= Ulster Society of Women Artists =

The Ulster Society of Women Artists was founded in 1957 by Gladys Maccabe with the assistance of Olive Henry and others, as there were no arts societies in Northern Ireland that would accept female members. The society aims to"promote and encourage a high standard of art in Northern Ireland, to maintain a high standard in exhibitions that reflects upon the membership, and to actively seek out and encourage new talent".The patron of the Society was the Duchess of Abercorn. The first president of the Society was Gladys Maccabe, with Deborah Brown and Alice Berger Hammersclag acting as joint honorary secretaries and Renée Bickerstaff as honorary treasurer. The first committee consisted of Kathleen Bell, Vera Mooney, Elsie Leonard, Elsie Ronaldson and Helen Ross. Honorary members included Mary O'Malley and Dehra Parker. In the early days of the organisation members met in each other's houses before finding a home at the Cathedral Buildings on Donegall Street in December 1958.

Their first exhibition included oils, watercolours, drawings and embroidery and was hosted at the Piccolo Gallery, Belfast in June 1958. USPWA held their First Annual exhibition at the Belfast Museum and Art Gallery in April 1959, where Barbara Hepworth and Norah McGuinness were amongst the invited artists.
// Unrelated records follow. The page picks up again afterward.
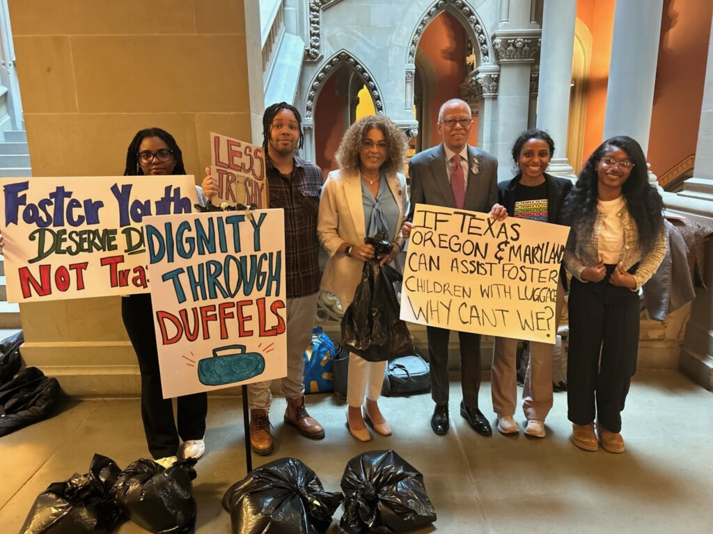 Former foster youth joined lawmakers for a rally on the steps of the state Capitol this week after a New York bill that sought to end the practice of giving foster youth trash bags to transport their belongings failed to make it onto the Legislature’s budget proposals for the coming fiscal year.
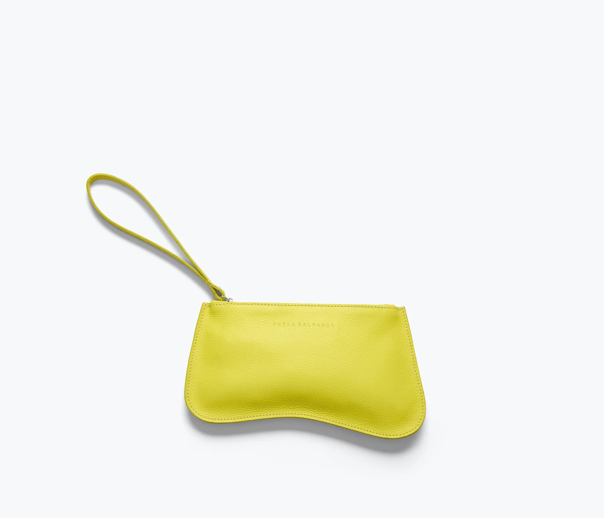 Please note: This style is Final Sale. Cool and refined–this pouch is the fun way to keep your everyday essentials close when you’re on the go. Handcrafted in Italy Materials Our bags are made from the highest quality materials and leathers which will last season after season. - 100% Italian leather in chartreuse pebbled calf. This tannery is rated Leather Working Group Silver. Leather Working Group is a tool to evaluate the environmental performance of leather goods manufacturers. Dimensions + Features DIMENSIONS: - Width: 9.5" - Height: 5.25" FEATURES: - Zipper closure. CARRY YOUR EVERYDAY: The SERENA effortlessly holds your phone and small essentials.
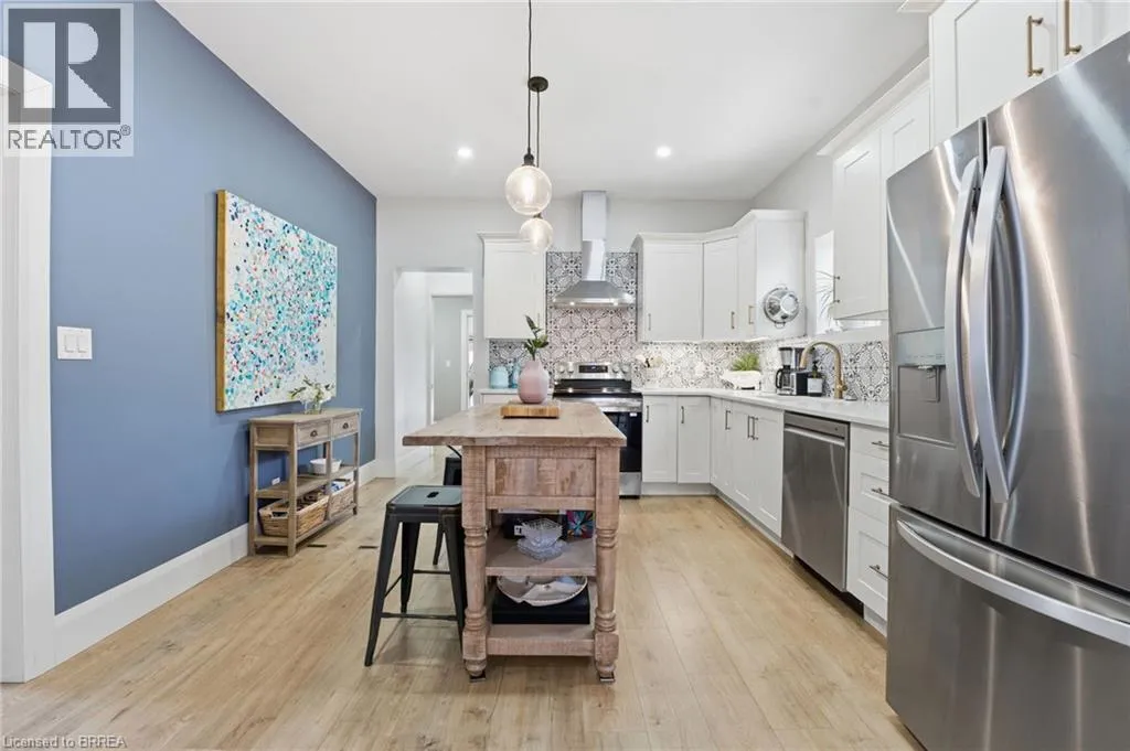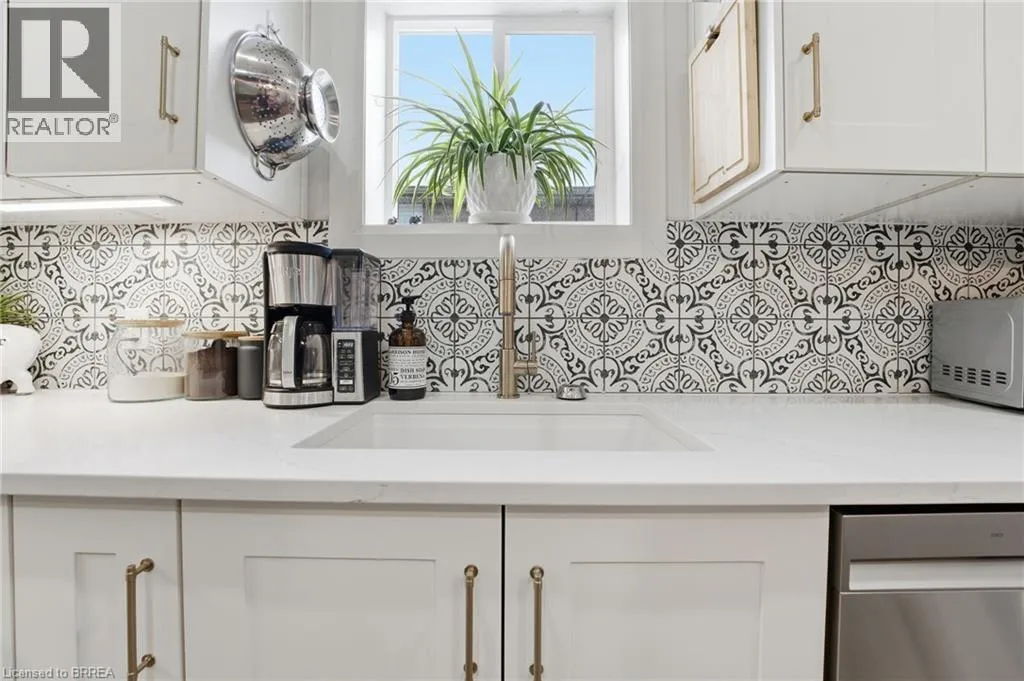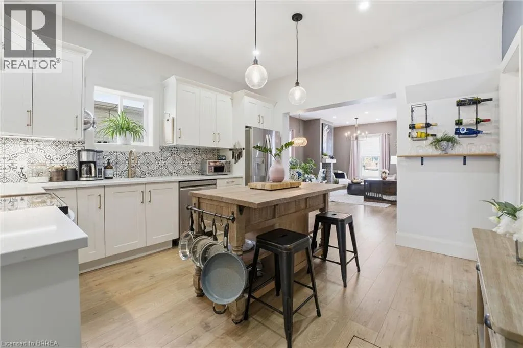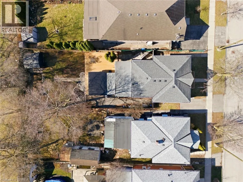 Located between Mt Pleasant St. and Catherine Ave. Prepare to be impressed. This beautifully updated 3-bedroom, 1.5-bath bungalow is nestled in a family-friendly neighbourhood and truly checks all the boxes â with a flexible, quick closing available. Bright, open living spaces flow into a stunning eat-in kitchen featuring quartz countertops, backsplash, and brand-new appliances, complemented by a spa-like 4-piece bathroom. Major updates include a new furnace, roof, siding, soffit, fascia, and eaves, along with thoughtful upgrades throughout. Step outside to a fully fenced yard with hardscaping, pond, large deck, and covered patio with metal roof â an ideal space for entertaining or relaxing. Perfect for first-time buyers, downsizers, or investors, this move-in-ready home is conveniently located close to schools, universities, shopping, hospital, casino, trails, the Grand River, and offers easy access to HWY 403. Recent highlights (since 2024): custom walk-in closet, double doors to the backyard, dedicated laundry room, covered deck, and gas line for BBQ. (id:27476)
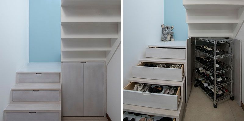 Las rendijas talladas revelan el hecho de que hay algo inusual en estas escaleras. No solo ofrecen almacenamiento para todos los zapatos, sino que también hay un botellero extraíble secreto allí. {Encontrado en Elia Barbieri }.
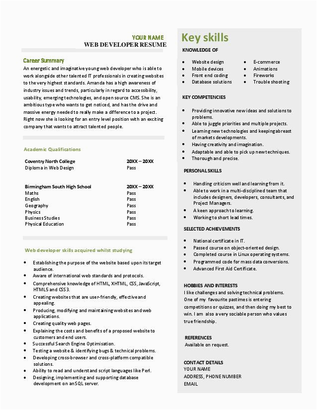Sample Resume For Web Developer Fresher BEST RESUME EXAMPLES
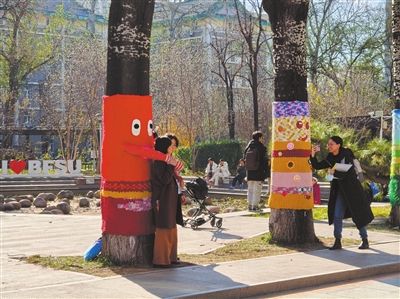 11月30日,人們在北京外國語大學和穿“毛衣”的樹木合影。近日,北京外國語大學校園內部分樹木穿上了“毛衣”,吸引路過的師生紛紛拍照留念。
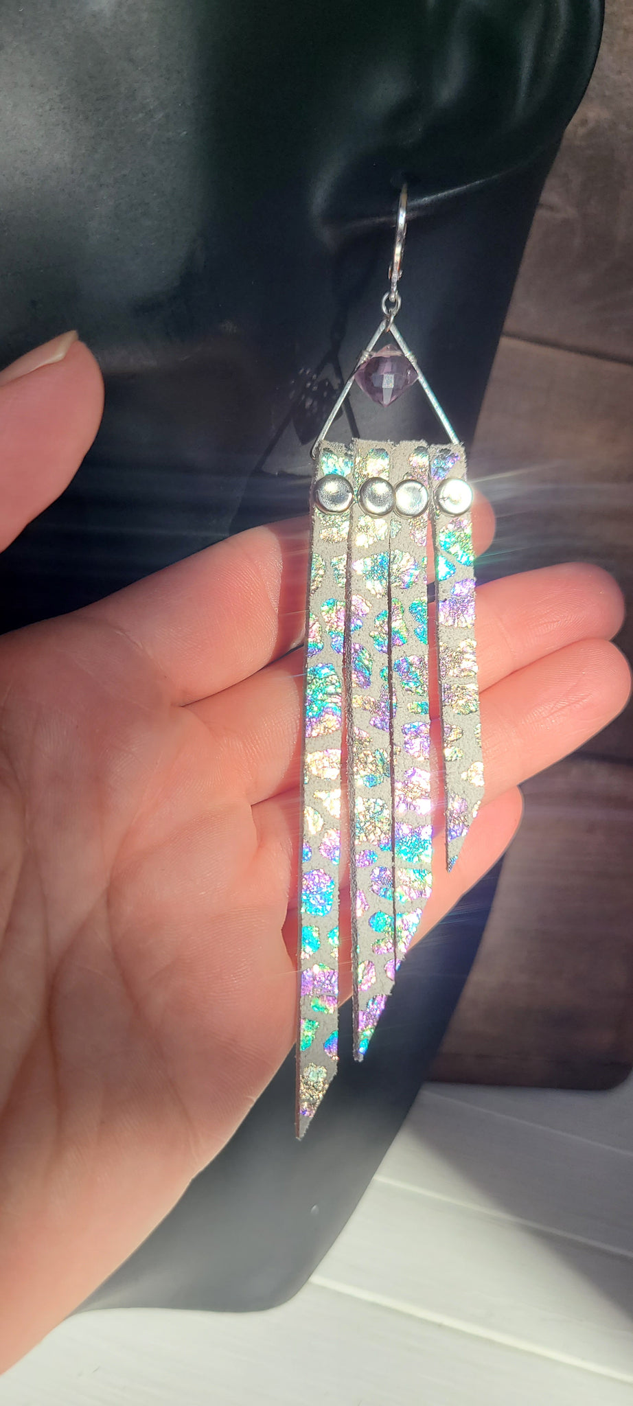 ~"Pyramid Love" Rainbow Irridescent Leopard Print Leather & Amethyst 925 Earrings~

At the 1960 Annual General Meeting it was decided that Annual exhibitions be alternated between Belfast, and centres outside Ulster each year. It was further carried that an external juror be appointed each year to select works for inclusion in major exhibitions. Father Jack O'Hanlon selected paintings for the Society's first exhibition in Dublin, hosted by the Brown Thomas Theatre Gallery in 1960.

Membership is by juried selection of submitted works. It takes four years to achieve full membership. The society has expanded membership from the original ten members to one hundred and twenty-five in 2017.